Department of Statistics and Population Studies, University of Namibia, Windhoek, Namibia.
PLoS One. 2013 Sep 16;8(9):e73500. doi: 10.1371/journal.pone.0073500. eCollection 2013.
Despite remarkable gains in life expectancy and declining mortality in the 21st century, in many places mostly in developing countries, adult mortality has increased in part due to HIV/AIDS or continued abject poverty levels. Moreover many factors including behavioural, socio-economic and demographic variables work simultaneously to impact on risk of mortality. Understanding risk factors of adult mortality is crucial towards designing appropriate public health interventions. In this paper we proposed a structured additive two-part random effects regression model for adult mortality data. Our proposal assumed two processes: (i) whether death occurred in the household (prevalence part), and (ii) number of reported deaths, if death did occur (severity part). The proposed model specification therefore consisted of two generalized linear mixed models (GLMM) with correlated random effects that permitted structured and unstructured spatial components at regional level. Specifically, the first part assumed a GLMM with a logistic link and the second part explored a count model following either a Poisson or negative binomial distribution. The model was used to analyse adult mortality data of 25,793 individuals from the 2006/2007 Namibian DHS data. Inference is based on the Bayesian framework with appropriate priors discussed.

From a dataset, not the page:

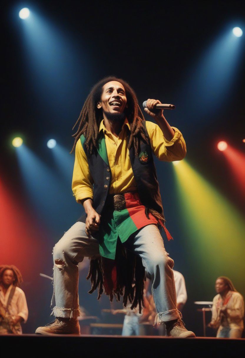 create high quality image of Bob Marley, in concert, on stage, stage lights, spot lights, dreadlocks, performing, singing,

尽管在 21 世纪,人们的预期寿命显著延长,死亡率也有所下降,但在许多地方,主要是在发展中国家,成年人死亡率却有所上升,部分原因是艾滋病毒/艾滋病或持续的赤贫水平。此外,许多因素,包括行为、社会经济和人口变量,同时作用于死亡率的风险。了解成年人死亡率的风险因素对于设计适当的公共卫生干预措施至关重要。本文提出了一种针对成年人死亡率数据的结构化加性两部分随机效应回归模型。我们的建议假设了两个过程:(i) 死亡是否发生在家庭中(流行部分),以及 (ii) 死亡发生时报告的死亡人数(严重程度部分)。因此,所提出的模型规范由两个具有相关随机效应的广义线性混合模型 (GLMM) 组成,允许在区域一级进行结构化和非结构化的空间成分。具体来说,第一部分假设使用具有逻辑链接的 GLMM,第二部分探索遵循泊松或负二项分布的计数模型。该模型用于分析 2006/2007 年纳米比亚 DHS 数据中 25793 名成年人的死亡率数据。推理基于贝叶斯框架,并讨论了适当的先验。